Chaos et disparitions

Malgré cette répression brutale, les protestations et les barricades se maintiennent toujours. Un grand nombre de zones dans les grandes villes du pays sont totalement militarisées. Les Chiliens qui se rendent en rue prennent leurs précautions et ont toujours un châle et un citron dans leur sac. Cela afin de se protéger des bombes lacrymogènes.

Une rue peut être tout à coup barrée. Par l’action de la police militaire, il apparaît alors clairement à tout le monde – peu importe que l’on soit un grand-père ou une mère avec enfant – qu’il s’agit d’une zone interdite. Certaines villes, comme la ville portuaire de Valparaiso, sont tombées dans le chaos le plus complet. Les pillages et les incendies y sont devenus monnaie courante.

Dans des rapports officiels, on en parle à peine, mais tout le monde connaît bien les familles des personnes disparues. Ainsi une vidéo stupéfiante a été diffusée à grande échelle sur les réseaux sociaux. Une jeune femme nommée Carolina Muñoz Manguello y est très violemment arrêtée par la police chilienne, parce qu’elle bloque le passage d’un des blindés. Depuis lors, sa famille n’a plus aucune nouvelle d’elle.

Une indignation internationale limitée

Il apparaît de plus en plus clair que le gouvernement chilien viole les droits humains à grande échelle. Cependant, cela semble ne pas intéresser beaucoup la communauté internationale. L’Organisation des Etats Américains (OEA) a tiré l’alarme  après les élections en Bolivie pour une fraude supposée. Mais elle prête à peine attention à la profonde crise sociale qui secoue le Chili.

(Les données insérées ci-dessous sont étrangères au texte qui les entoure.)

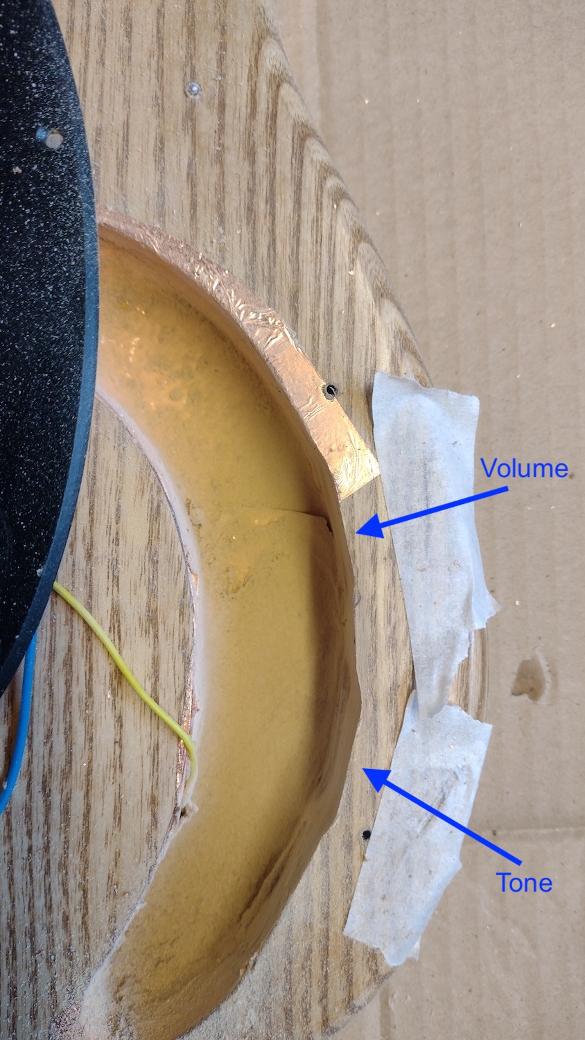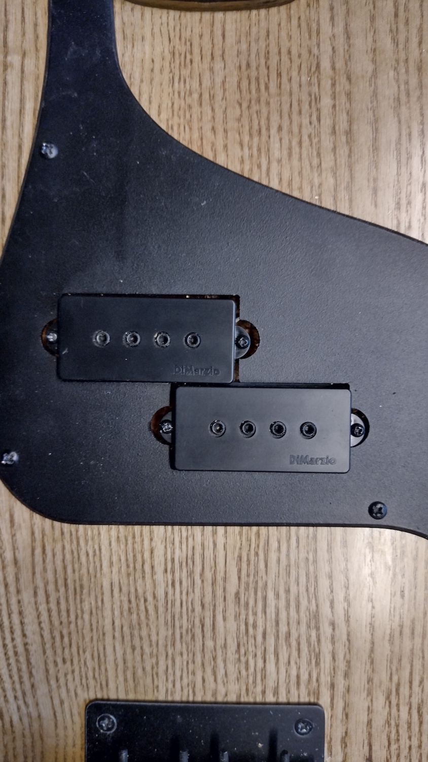 The DiMarzio pickups are slightly smaller, so I had first to patch the existing holes that I drilled for the kit pickups, and then I finally drilled the holes for the new ones.

Le Parlement Européen a visiblement trouvé plus urgent – lors d’un débat autour des droits humains – de mettre à l’agenda de sa session plénière l’arrestation d’un délinquant cubain. Quels rapports de forces ont fait que les nombreux rapports sur ce qui se déroule au Chili soient à peine mentionnés.

Ce modèle de société ultra-néolibéral n’a pu s’installer au Chili que sur base du pouvoir de l’armée, laquelle a développé une répression impitoyable et institutionnalisée. 7 semaines de protestations des Chiliens ont démontré que ce modèle sera défendu bec et ongles par le même pouvoir militaire. Et aussi longtemps que les ‘infrastructures importantes’ des multinationales occidentales seront protégées, nos gouvernements ne seront pas prêts à attaquer le gouvernement chilien pour ses crimes.